Children's Imaginary Friends: What to Know

Medically Reviewed by Renee A. Alli, MD on February 15, 2024
3 min read

If your child has an imaginary friend, they’re not alone. It’s common for toddlers and young children to have pretend friends that they share experiences with.

Imaginary friends can be other children, mythical creatures, animals, a toy that has come to life, or any other kind of imaginary companion. In most cases, you don’t need to worry about your child if they have a made-up friend. Creating a buddy is something fun for them to do, especially because these companions are always available to play with them.

As children reach their second and third year of life, their imaginations expand, and they’re able to play pretend. Many children know that these friends don’t actually exist, but they experience real feelings of comfort thanks to the friendship.

Studies show that around 65% of kids had imaginary friends at some point before they turned seven. Toddlers and young children are open and vocal about their made-up companions, but the same study showed that this isn't the only "imaginary friend age:" School-aged kids are just as likely to have imaginary friends.

There’s no way to tell how long a made-up friend will last. Your child will stop playing with them when they’re ready. Many children keep imaginary friends around for several months, but they could play an important role in your child’s life for a few years.

Some parents assume that if their child has an imaginary friend, they’re lonely, stressed, or having similar struggles. This isn’t always the case!
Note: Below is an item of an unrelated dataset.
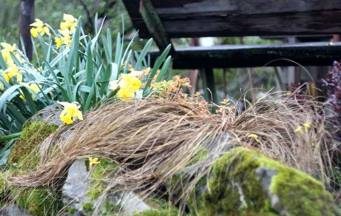Осока Буханана, новозеландская медная трава, моя любимица. Выглядит как засохшая всегда, большинство думает, что она просто засохла, ан нет, вот такая она "шутница";) в прошлом году даже дала самосев и теперь у меня есть еще два кустика)))

You might wonder, "Why do kids have imaginary friends?" Children can develop invisible friends to practice their new social skills or to process the things they see and experience.

Your child might create an imaginary companion to:

  • Listen to and support them
  • Play with them
  • Do things that they can’t do
  • Be someone special that only belongs to them
  • Be someone who doesn’t judge or find fault in them

In addition to readily available companionship, there are many benefits of imaginary friends for children and parents. Some of these benefits include:

  • Improved problem-solving skills
  • Opportunity to explore ideas
  • Improved management of emotions
  • Opportunity to exercise new behaviors and roles
  • A comfortable avenue for starting difficult conversations with your child
  • A means of easing your child through tough transitions and routines

Children who have imaginary friends are less likely to be shy or struggle with loneliness. One of the benefits of imaginary friends is that kids also tend to be more creative and confident than kids who don’t have make-believe friends.

Another benefit of imaginary friends is the insight it gives you into your child’s mind. By watching your child interact with an invisible friend, you can learn more about what they think, what they feel, what they like, and what they don’t like.

Most of the time, having pretend friends isn’t anything to worry about. If you notice other signs that your child isn’t developing like you think they should, try setting boundaries. Initially, you should support your child as they create a relationship with their invisible friend. They’ll feel respected and loved as you ask them questions about what their made-up companion is doing and play along with their stories.

When do imaginary friends become a problem? If you notice that your child is blaming their imaginary friend for things they do, such as wasting food or disrupting family interactions, you can try setting boundaries. For example, if your child wants your friend to join in at family dinner, it’s OK to serve them a plate. It’s not OK to throw that food away at the end of the meal because your child doesn’t want someone else to eat it.

Warning signs that an imaginary friend may be negatively affecting your child’s development could look like:

  • Extreme anxiety when around other children
  • Repeatedly telling their imaginary friend about traumatic experiences in detail
  • Constant hurtful or unacceptable actions they blame on their make-believe companion or their influence
  • Fear of their imaginary friend
  • Unexplained change in your child’s eating or sleeping habits
  • Having an imaginary friend beyond age 12

If your child is showing these or other concerning signs, get in touch with their doctor. Your child’s habits and behavior will change as they grow up, but there could be psychological issues or other underlying causes at play.